# Stressed Opera Singers Turn to Drugs



## D Minor (Dec 8, 2007)

I’ve found this article (published in 2007), and I’d like to have your opinion about it:


Stripping away opera's glamour, singers are increasingly speaking out about a more sordid side of their world - increased drug and alcohol use sparked by relentless pressure to perform often and well.

Most performers continue to avoid the pitfalls of substance abuse and no figures exist documenting the extent of such behavior. But insiders agree that heightened competition, unyielding sponsor demands and the weight of stardom are leading to excesses that invite comparisons of opera to sports tarnished by doping scandals.

Some attempts to stay on top are relatively harmless, like popping a beta blocker to soothe the butterflies before stepping on stage. But others are more alarming.

Singers often overuse steroids in the form of cortisone to control inflamed vocal cords _ sometimes in amounts that can permanently impair their abilities, say performers and their doctors. Others drink too much. Still others snort cocaine, according to insiders.

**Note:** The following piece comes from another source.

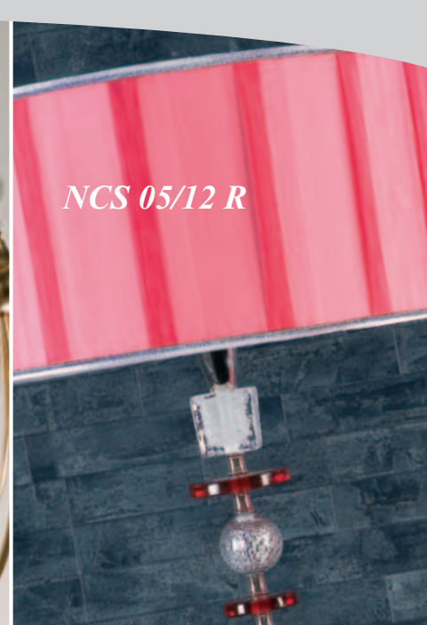
NCS 05/12 R

Inability to cope sometimes turns into tragedy - as in the case of American tenor Jerry Hadley, who killed himself last month after what friends said was a prolonged bout of depression and reported financial and drinking problems.


----------



## tutto (Apr 11, 2007)

if you wanna get down, down on the ground...

conductors are cocainomans


----------



## Gladiator (Dec 4, 2007)

tutto said:


> if you wanna get down, down on the ground...
> 
> conductors are cocainomans


Really? Conductors are not performing under the same amount of stress.


----------



## tutto (Apr 11, 2007)

yes, when you take it, bye-bye stress


----------